Stored data entries:
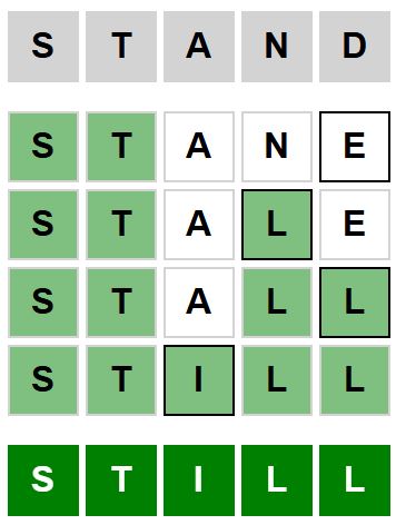 The starter word for the Weaver puzzle released today, January 14th 2024, is ‘STAND‘ and the end word is ‘STILL‘.
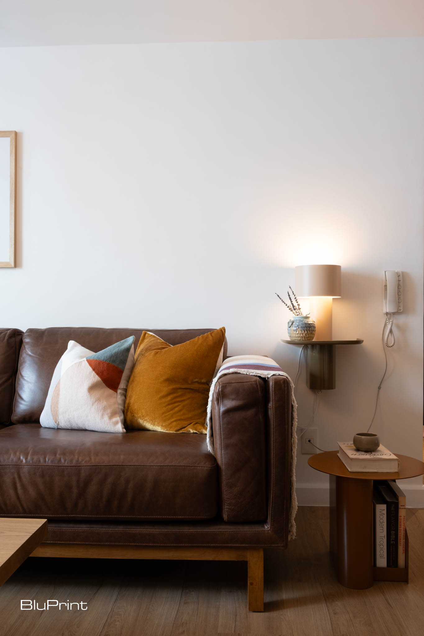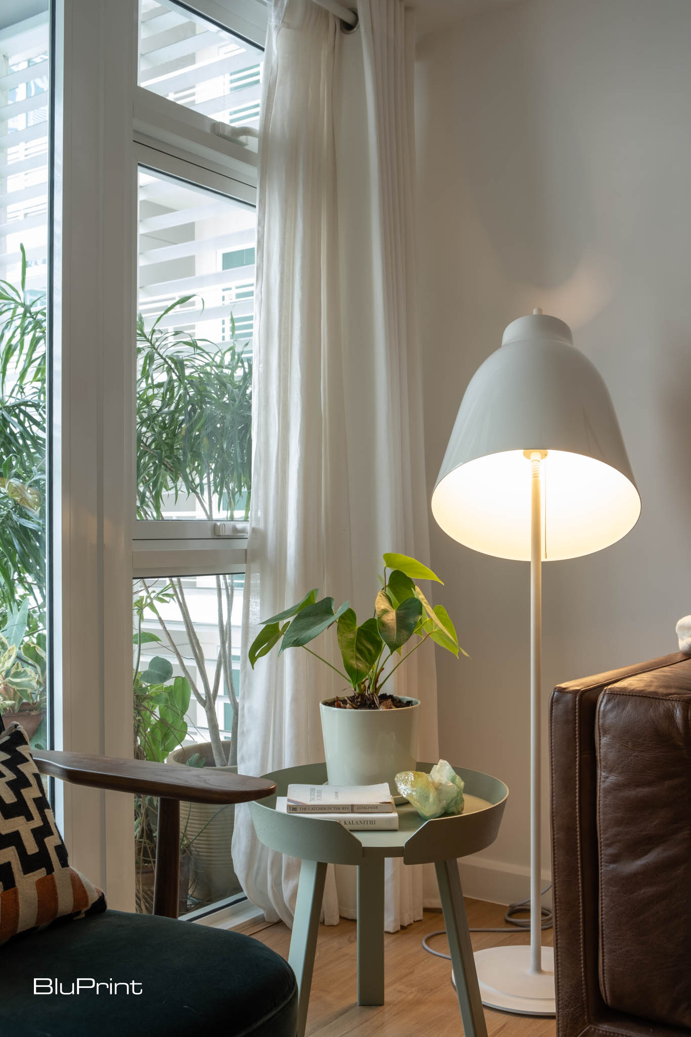 Moving further inside, the living area showcases a live edge shelf and a cantilevered console. Both highlight the partners’ appreciation for natural materials and thoughtful design. The leather sofa and designer armchair create a cozy nook perfect for relaxation. Just outside, the small balcony serves as a mini oasis; a perfect spot for enjoying coffee or a quiet moment amidst the greenery.
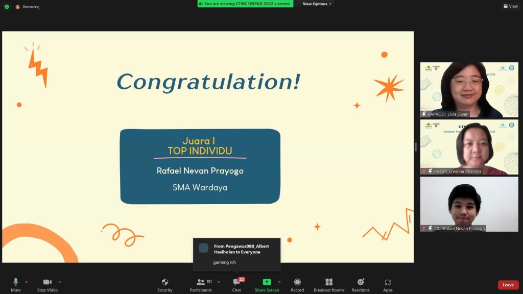 Jurusan Matematika Universitas Katolik Parahyangan (UNPAR) kembali menyelenggarakan acara tahunan Canadian Team Mathematics Contest (CTMC) 2022 pada Sabtu, 21 Mei. Para peserta yang berasal dari 3 pulau di Indonesia mengikuti dengan penuh antusias, walaupun lomba diselenggarakan secara daring melalui platform Zoom. Acara dibuka oleh Dekan Fakultas Teknologi Informasi dan Sains Dr.rer.nat. Ir. Cecilia Esti Nugraheni, S.T., M.T.
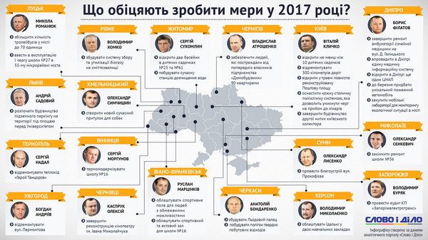 Що ще обіцяли зробити для своїх міст мери обласних центрів України в 2017 році, дивіться в інфографіці «Слова і Діла».
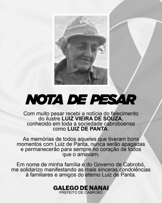 Em nome de minha família e do Governo de Cabrobó, me solidarizo manifestando as mais sinceras condolências à familiares e amigos do eterno Luiz de Panta.
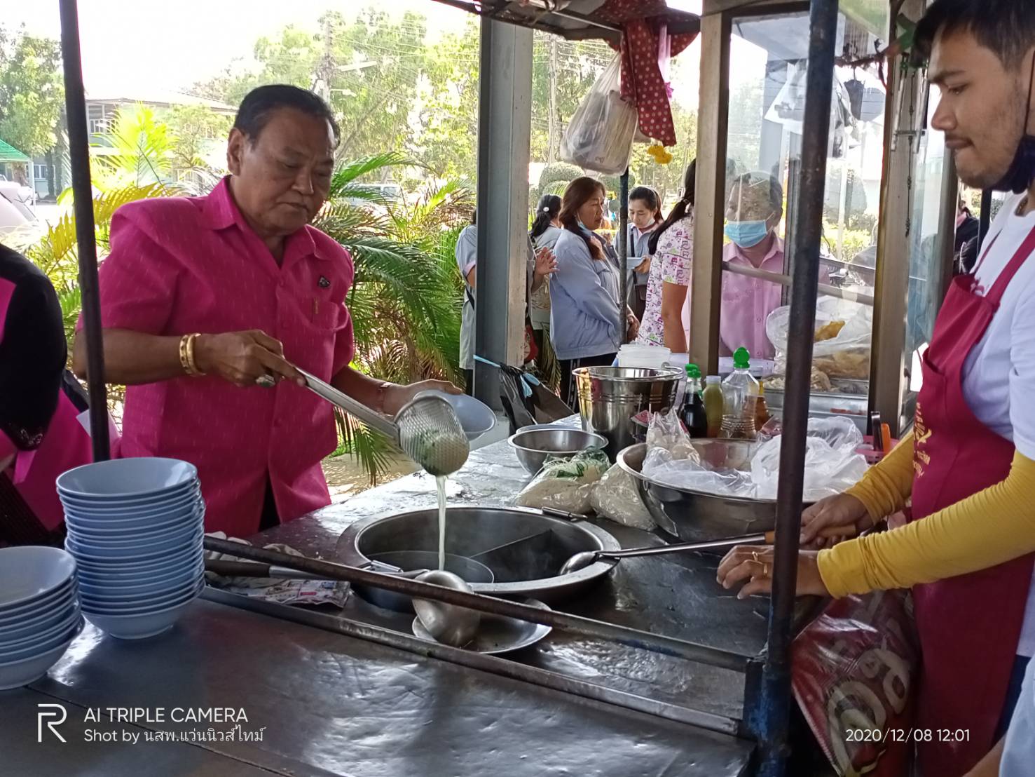 นายกฯทต.หนองแคสวมบทพ่อครัวเก่า โชว์ทำก๋วยเตี๋ยวเลี้ยงคณะอสม.-จนท.
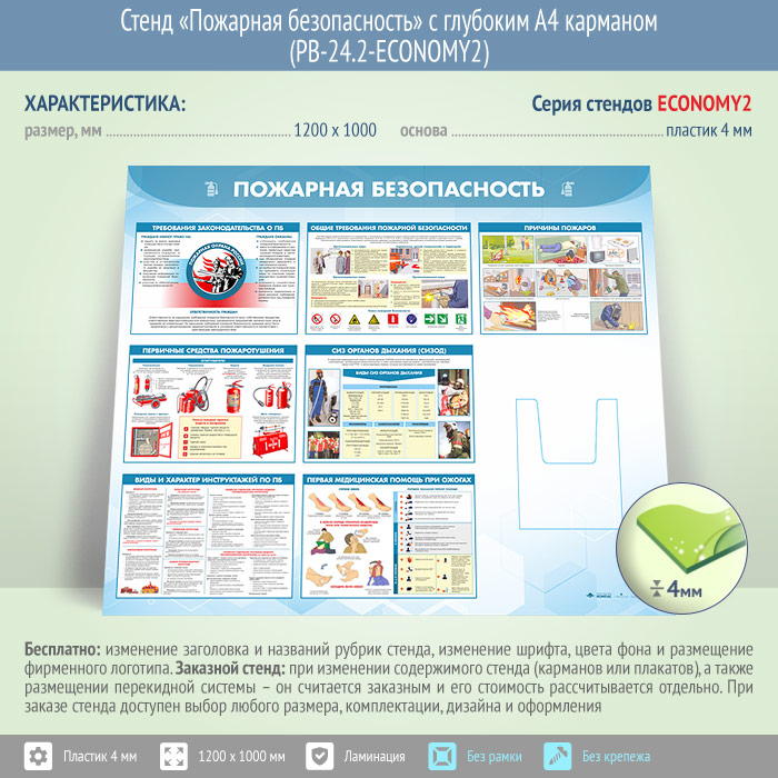 Стенд «Пожарная безопасность» с глубоким А4 карманом (PB-24.2-ECONOMY2) в Верее купить
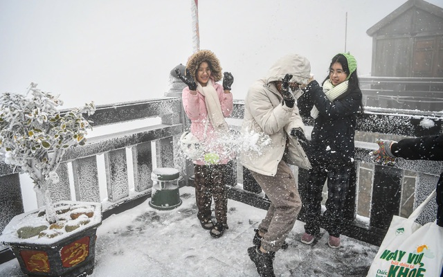 Cũng trong sáng 27/1/2025, khi tuyết đã rơi khá dày, nhiều du khách không bỏ lỡ cơ hội đi cáp treo lên đỉnh Fansipan để tận mắt chiêm ngưỡng khung cảnh đặc biệt này. Trên đỉnh núi, không khí rộn ràng hơn hẳn khi mọi người tranh thủ ghi lại những khoảnh khắc đáng nhớ bằng máy ảnh, điện thoại. Không ít du khách còn thích thú nặn người tuyết, ném bóng tuyết, tận hưởng cảm giác "chạm" vào mùa đông đúng nghĩa – điều vốn rất hiếm ở dải đất nhiệt đới như Việt Nam.
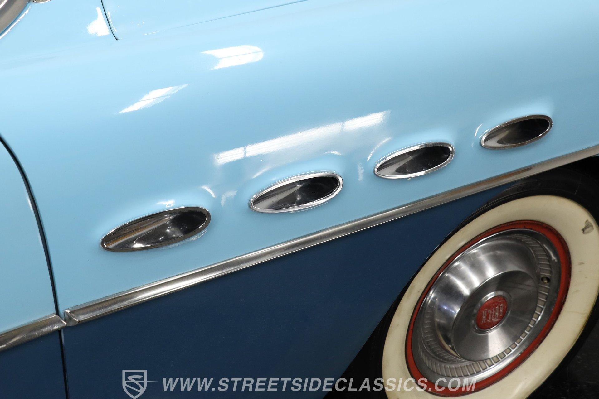 Step back in time with a true icon of American automotive history, a car that embodies the spirit of the 1950s with its classic design and timeless appeal. This 1956 Buick Century Riviera is more than just a vehicle; it's a rolling piece of nostalgia that captures the elegance and innovation of its era. Imagine cruising down the boulevard, turning heads with its distinctive tri-color paint and shining chrome accents, while enjoying the smooth and powerful ride that only a Buick Nailhead V8 can deliver. This hardtop coupe invites you to make memories and own a piece of the past that still shines today. Step inside to experience the factory-correct tri-color interior, a harmonious blend of cloth and vinyl that speaks to the craftsmanship of the time. The cabin maintains its original charm with a clean dash pad, working AM radio, and tasteful chrome detailing that carries a gentle patina, enhancing its vintage authenticity. The headliner and sun visors appear refreshed, complementing the overall well-preserved condition, while the dome light adds a warm glow to your classic driving experience. Under the hood, the period-correct 322 Nailhead V8 engine roars to life, paired with a smooth 2-speed Dynaflow automatic transmission that delivers effortless power. The engine bay presents well for its age, featuring factory-correct belts, hoses, and wires, as well as dual exhausts that hint at the car's performance capabilities. Original factory options like air conditioning and power steering add to the driving comfort, while drum brakes and factory-style suspension ensure a ride that is both reliable and true to its heritage. Highlights 1956 Buick Century Riviera Hardtop Period-Correct 322 Nailhead V8 Engine 2-Speed Dynaflow Automatic Transmission Factory Air Conditioning (Non-Functional) Factory Power Steering Dual Exhaust System Original Tri-Color Cloth & Vinyl Interior Factory AM Radio (Operational) Chrome Bumpers, Grill & Trim 15" Coker Classic WWW Tires Drum Brakes Front and Rear Original Warranty Card & Title Documentation Owner's Manual Financing Available Vehicle Protection Plans Available Worldwide Shipping This 1956 Buick Century Riviera offers a wonderful blend of classic style, solid mechanicals, and authentic details that make it a standout choice for collectors and enthusiasts alike. Don't miss the chance to own this beautifully preserved piece of automotive history. Call, email, or come visit our showroom today! We can assist you with getting an Extended Vehicle Service Plan from Freedom Warranty, which provides comprehensive coverage that can save thousands of dollars on unexpected repairs. Inquire for more details and pricing!
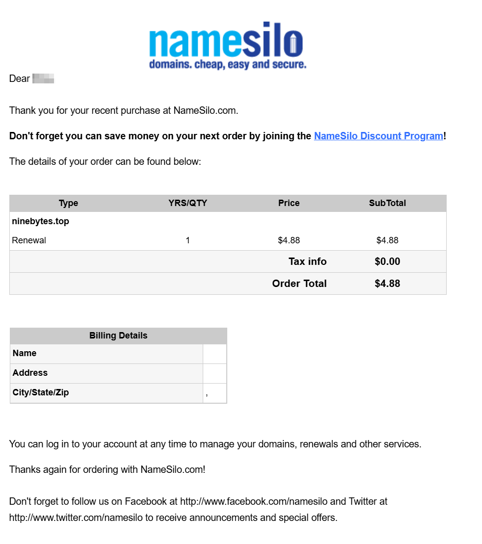 就只能再续费1年了,花费$4.88刀勒。😭

_Exercise_
I need the entries printed exactly, with each picture left out.

_Solution to the problem_
 The starter word for the Weaver puzzle released today, January 14th 2024, is ‘STAND‘ and the end word is ‘STILL‘.
 Moving further inside, the living area showcases a live edge shelf and a cantilevered console. Both highlight the partners’ appreciation for natural materials and thoughtful design. The leather sofa and designer armchair create a cozy nook perfect for relaxation. Just outside, the small balcony serves as a mini oasis; a perfect spot for enjoying coffee or a quiet moment amidst the greenery.
 Jurusan Matematika Universitas Katolik Parahyangan (UNPAR) kembali menyelenggarakan acara tahunan Canadian Team Mathematics Contest (CTMC) 2022 pada Sabtu, 21 Mei. Para peserta yang berasal dari 3 pulau di Indonesia mengikuti dengan penuh antusias, walaupun lomba diselenggarakan secara daring melalui platform Zoom. Acara dibuka oleh Dekan Fakultas Teknologi Informasi dan Sains Dr.rer.nat. Ir. Cecilia Esti Nugraheni, S.T., M.T.
 Що ще обіцяли зробити для своїх міст мери обласних центрів України в 2017 році, дивіться в інфографіці «Слова і Діла».
 Em nome de minha família e do Governo de Cabrobó, me solidarizo manifestando as mais sinceras condolências à familiares e amigos do eterno Luiz de Panta.
 นายกฯทต.หนองแคสวมบทพ่อครัวเก่า โชว์ทำก๋วยเตี๋ยวเลี้ยงคณะอสม.-จนท.
 Стенд «Пожарная безопасность» с глубоким А4 карманом (PB-24.2-ECONOMY2) в Верее купить
 Cũng trong sáng 27/1/2025, khi tuyết đã rơi khá dày, nhiều du khách không bỏ lỡ cơ hội đi cáp treo lên đỉnh Fansipan để tận mắt chiêm ngưỡng khung cảnh đặc biệt này. Trên đỉnh núi, không khí rộn ràng hơn hẳn khi mọi người tranh thủ ghi lại những khoảnh khắc đáng nhớ bằng máy ảnh, điện thoại. Không ít du khách còn thích thú nặn người tuyết, ném bóng tuyết, tận hưởng cảm giác "chạm" vào mùa đông đúng nghĩa – điều vốn rất hiếm ở dải đất nhiệt đới như Việt Nam.
 Step back in time with a true icon of American automotive history, a car that embodies the spirit of the 1950s with its classic design and timeless appeal. This 1956 Buick Century Riviera is more than just a vehicle; it's a rolling piece of nostalgia that captures the elegance and innovation of its era. Imagine cruising down the boulevard, turning heads with its distinctive tri-color paint and shining chrome accents, while enjoying the smooth and powerful ride that only a Buick Nailhead V8 can deliver. This hardtop coupe invites you to make memories and own a piece of the past that still shines today. Step inside to experience the factory-correct tri-color interior, a harmonious blend of cloth and vinyl that speaks to the craftsmanship of the time. The cabin maintains its original charm with a clean dash pad, working AM radio, and tasteful chrome detailing that carries a gentle patina, enhancing its vintage authenticity. The headliner and sun visors appear refreshed, complementing the overall well-preserved condition, while the dome light adds a warm glow to your classic driving experience. Under the hood, the period-correct 322 Nailhead V8 engine roars to life, paired with a smooth 2-speed Dynaflow automatic transmission that delivers effortless power. The engine bay presents well for its age, featuring factory-correct belts, hoses, and wires, as well as dual exhausts that hint at the car's performance capabilities. Original factory options like air conditioning and power steering add to the driving comfort, while drum brakes and factory-style suspension ensure a ride that is both reliable and true to its heritage. Highlights 1956 Buick Century Riviera Hardtop Period-Correct 322 Nailhead V8 Engine 2-Speed Dynaflow Automatic Transmission Factory Air Conditioning (Non-Functional) Factory Power Steering Dual Exhaust System Original Tri-Color Cloth & Vinyl Interior Factory AM Radio (Operational) Chrome Bumpers, Grill & Trim 15" Coker Classic WWW Tires Drum Brakes Front and Rear Original Warranty Card & Title Documentation Owner's Manual Financing Available Vehicle Protection Plans Available Worldwide Shipping This 1956 Buick Century Riviera offers a wonderful blend of classic style, solid mechanicals, and authentic details that make it a standout choice for collectors and enthusiasts alike. Don't miss the chance to own this beautifully preserved piece of automotive history. Call, email, or come visit our showroom today! We can assist you with getting an Extended Vehicle Service Plan from Freedom Warranty, which provides comprehensive coverage that can save thousands of dollars on unexpected repairs. Inquire for more details and pricing!
 就只能再续费1年了,花费$4.88刀勒。😭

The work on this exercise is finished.